And notice, that’s the context of Paul’s thanksgiving. “We give thanks to God…praying always for you.” Here is another example to imitate. Paul is faithful to be in regular, if not constant prayer for the people of God—even those believers whom he had never met. Are we able to say the same—about anyone—that we are continually coming before the throne of grace to intercede for our brothers and sisters in Christ? those in our fellowship groups? in our Bible studies?
Well, whenever Paul did pray for the Colossians, he thanked God for them. And that shows us that gratitude thrives and flourishes most when it grows out of the soil of prayer. Paul was praying for the Colossians as was his custom, and his reflection on God’s goodness and grace to them moved him to gratitude. Paul counsels us in 1 Thessalonians 5:17 to “pray without ceasing.” His next words, verse 18, are “in everything give thanks; for this is God’s will for you in Christ Jesus.” The surest way to give thanks in everything is to pray without ceasing, because as you’re praying, it won’t be long before the Lord brings something to mind that you should thank Him for.
But the point, once again, is that the object of thanksgiving is God Himself. In other words, even though Paul is reflecting on the progress that the Colossians have made in the Christian life—we’ll hear soon of their faith in Christ, their love of the saints, and their hope of heaven—Paul does not congratulate the Colossians for these things! You see, Christians don’t produce faith, love, and hope in our own lives, out of our own resources and efforts. Faith, love, and hope are the fruit of the Gospel at work in our hearts. They are graces given freely to us by God, who is, as we said a moment ago, the Giver of all good gifts to His children. That means that to whatever extent you believe in Jesus, or lovefellow-believers, or experience the rock-solid hope of eternal life, that faith, love, and hope are gifts of God to you. They are the fruit of His unconditional, unmerited favor. And so He alone is to be thanked for those grace-gifts.

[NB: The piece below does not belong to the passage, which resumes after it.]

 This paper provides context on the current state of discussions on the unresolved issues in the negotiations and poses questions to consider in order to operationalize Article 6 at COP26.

And before we move on, notice how Paul speaks of God, here. “We give thanks to God, the Father of our Lord Jesus Christ.” This is the only time Paul puts it precisely that way. He often speaks of “God our Father and the Lord Jesus Christ” (e.g., Eph 1:2), often of “the God and Father of our Lord Jesus Christ” (e.g., Eph 1:3). And there is rich theology to be mined out even of those titles. Insofar as Christ is truly man, the First Person of the Trinity is, Ephesians 1:17, “the God of our Lord Jesus Christ.” And insofar as Christ is truly God, the First Person of the Trinity is, as Paul says here, “the Father of our Lord Jesus Christ.” That is to say, Jesus is the Second Person of the Trinity! God the Son, eternally begotten of the Father! The hypostatic union and the eternal generation of the Son are wrapped up in this title. And though I’d love to go to theology class at this point, it’s not quite Paul’s point here, so I mention it, and move on.

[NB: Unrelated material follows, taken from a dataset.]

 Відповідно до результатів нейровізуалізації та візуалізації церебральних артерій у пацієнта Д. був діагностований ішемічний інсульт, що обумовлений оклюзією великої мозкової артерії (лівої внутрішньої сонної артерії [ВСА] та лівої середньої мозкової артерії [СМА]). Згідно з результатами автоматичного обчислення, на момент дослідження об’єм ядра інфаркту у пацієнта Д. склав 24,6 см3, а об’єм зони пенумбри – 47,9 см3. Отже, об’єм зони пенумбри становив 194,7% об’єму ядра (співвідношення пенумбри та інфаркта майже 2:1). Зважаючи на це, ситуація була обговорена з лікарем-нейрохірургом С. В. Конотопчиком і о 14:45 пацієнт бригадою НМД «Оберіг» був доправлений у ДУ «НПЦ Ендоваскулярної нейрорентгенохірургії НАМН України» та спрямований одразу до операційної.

What is Paul’s point here? Why does he refer to the Father in this unique way? The answer is in verse 2. He has just wished the Colossians, “Grace to you and peace from God our Father.” In verse 3, he gives thanks to “God the Father of our Lord Jesus Christ.” He is our Father and Christ’s Father, even as the Lord Jesus Himself spoke to Mary of “My Father and your Father,” “My God and your God.” Because all believers are in Christ by faith, we may relate to God the way Jesus relates to God: as Father. He is the natural Son of the Father, being God the Son from all eternity, but we are the adopted sons and daughters of the Father. We may call Him “Abba,” Romans 8:15, just as Jesus called Him “Abba,” in the Garden of Gethsemane in Mark 14:36.
And that means: if the God who is our Father is the God who is the Father of the Lord Jesus Christ, that makes Christ our Brother. Hebrews 2:11: “For both He who sanctifies [Jesus] and those who are sanctified [believers] are all from one Father; for which reason He [Jesus] is not ashamed to call them brethren.” Oh, how ashamed Jesus ought to be of me! “Go away from me Lord, for I am a sinful man!” But because we have the same Father, He is not ashamed to call me brother. That is glorious. Dear Christian, you have the best Big Brother there is. And He ever lives to make intercession for you, before our Father’s throne. Whatever we ask of the Father in His name, John 15:16, He will give to us. O how we ought to “give thanks to God, the Father of our Lord Jesus Christ”!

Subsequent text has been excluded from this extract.